The genome sequences of 138 predicted intact prophages identified from S. maltophilia were compared with all known phage genomes in public databases using Viral Proteomic Tree (ViPtree, https://www.genome.jp/viptree/)22 (Fig. 4). The predicted S. maltophilia intact prophages clustered into 42 clusters, of which 41 clusters were including Siphoviridae, Myoviridae and other 18 viral families, and one was unknown viral family (Supplementary Table S4). However, only 21.01% (29/138) of the intact S. maltophilia prophage sequences were fallen within 3/42 clusters with known S. maltophilia phages. The remaining 78.99% (109/138) of the intact prophage sequences formed clusters with other known phages other than the S. maltophilia host. Among them, 64 sequences formed clusters with phages infecting Pseudomonas taxa (e.g. Xanthomonas, Ralstonia), 43 formed clusters with the phages infecting Actinomycetota taxa, and one sequences formed clusters with phages infecting Euryarchaeota taxa. One sequence clustered with the phages infecting unknown host taxa (Fig. 4 and Supplementary Table S4). These results highlight the great diversity of prophages in the genome of S. maltophilia.
Taken together, the results demonstrate the great genetic diversity of prophages in the genome of S. maltophilia.
Correlation between habitat of S. maltophilia and carrying prophage
To investigate whether the number of prophages carried by S. maltophilia was related to the host habitat, 72 S. maltophilia strains with definite isolation source were selected and divided into two groups according to their habitats: “clinical setting” group (isolated from human and hospital, n = 29) and “environmental setting” group (isolated from other habitats, n = 43). The results showed that strains from the clinical setting (151 prophage regions, including 62 intact prophages) harbored significantly greater numbers of prophages than strains from the environmental setting (130 prophage regions, including 54 intact prophages). This was obviously observed in both the predicted prophages (Fig. 5A, p < 0.0001) and intact prophages (Fig. 5B, p < 0.01).

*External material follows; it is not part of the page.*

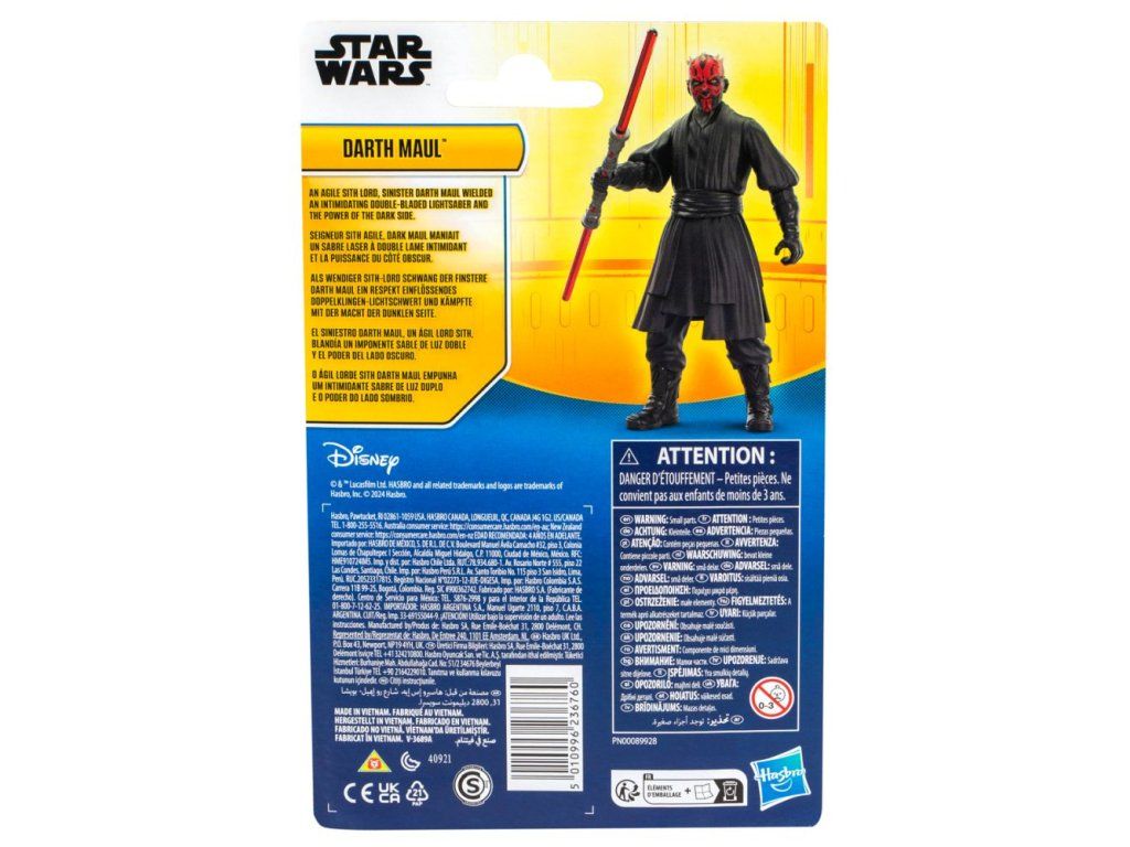 "Predstavujte si dobrodružstvo temnej strany s akčnou figúrkou Darth Maula z radu Star Wars. Táto hračka Darth Maul sa dodáva s červeným svetelným mečom s dvoma čepeľami ako doplnkom a má niekoľko pohyblivých kĺbov, vďaka ktorým ju môžete pri hre polohovať. Akčná figúrka pre deti je vysoká 10 cm a je dokonalým doplnkom do zbierky vášho malého fanúšika. Akčné figúrky Star Wars z radu sú skvelým darčekom pre chlapcov a dievčatá. Figúrka je ako robená na prehrávanie obľúbených, akčných scén z filmov a rozohrávanie nového dobrodružstva. Vek 4+"Dodatočné parametre

The ANI of S. maltophilia showed that strains from clinical setting could be clustered into 5 clusters, most of which (68.97%, 20/29) were clustered into cluster V (Fig. 2 and Supplementary Table S3), and the intact prophages carried by these strains could be clustered into 10 clusters, of which 30.65% (19/62) were clustered in cluster b (Fig. 3 and Supplementary Table S3). The strains from the environmental setting could be clustered into nine clusters, of which 30.23% (13/43) were clustered in cluster II (Fig. 2 and Supplementary Table S3), and the intact prophages they carried could be clustered into nine clusters, among which 31.48% (17/54) were clustered into cluster l (Fig. 3 and Supplementary Table S3). Although most strains from the clinical setting clustered together (cluster V), the intact prophages they carried did not clustertogether, but instead cross-clusered with the intact prophages carried by strains from the environmental setting (Supplementary Table S3). The findings indicate that the abundance of prophages may be associated with host habitats.
Auxiliary genes and HGTs mediated by prophages in S. maltophilia
ARGs was not predicted for any of the prophages except for a questionable prophage carried by strain HW002Y isolated from an ICU ward in Malaysia. The prophage predicted by HW002Y contained 11 ARGs, which involved drug resistance to aminoglycoside antibiotic, rifamycin antibiotic, carbapenem, cephalosporin, penam, macrolide antibiotic, disinfecting agents and antiseptics, sulfonamide antibiotic and tetracycline antibiotic (Supplementary Table S5).
A total of 53 VGs were predicted in 11.24% (40/356) of the prophages, which were involved in regulation, stress survival, adherence, immune modulation, biofilm, effector delivery system and motility (Supplementary Fig. S1). Among them, Pilz genes associated to adherence were the most (16 genes), followed by Fur genes related to the regulation of iron uptake (9 genes). There biofilm-related genes were predicted in the incomplete phages carried by SCAID WND1-2022 and FDAARGOS isolates that were isolated from humans. Nine VGs were predicted in only 6.25% (9/144) of the intact prophages, and none of the remaining intact prophages were predicted (Supplementary Table S5).
The enzymes involved in the regulation of complex carbohydrates assembly and breakdown are collectively designated as CAZys23. A total of 169 CAZys were predicted from 44.1% (78 intact prophage, 62 incomplete prophages and 17 questionable prophage, 157/356) of the prophages, including 159 glycoside hydrolases (GHs), four glycosyl transferases (GTs), three carbohydrate esterases (CEs), two carbohydrate-binding modules (CBMs) and one auxiliary activities (AAs) (Supplementary Table S5). Only 4.73% (8/169) of CAZys were predicted to contain signal peptides, indicating that CAZys encoded by S.maltophilia prophages were mainly intracellular.
The amounts of CAZys (Fig. 6A,B) and VGs (Fig. 6C,D) encoded by the prophages harbored in S. maltophilia in the clinical setting group did not show significant difference from those in the environmental setting group (p > 0.05). The results showed that the habitats of S. maltophilia did not affect the amount of CAZys and VGs encoded by the prophage they harbored.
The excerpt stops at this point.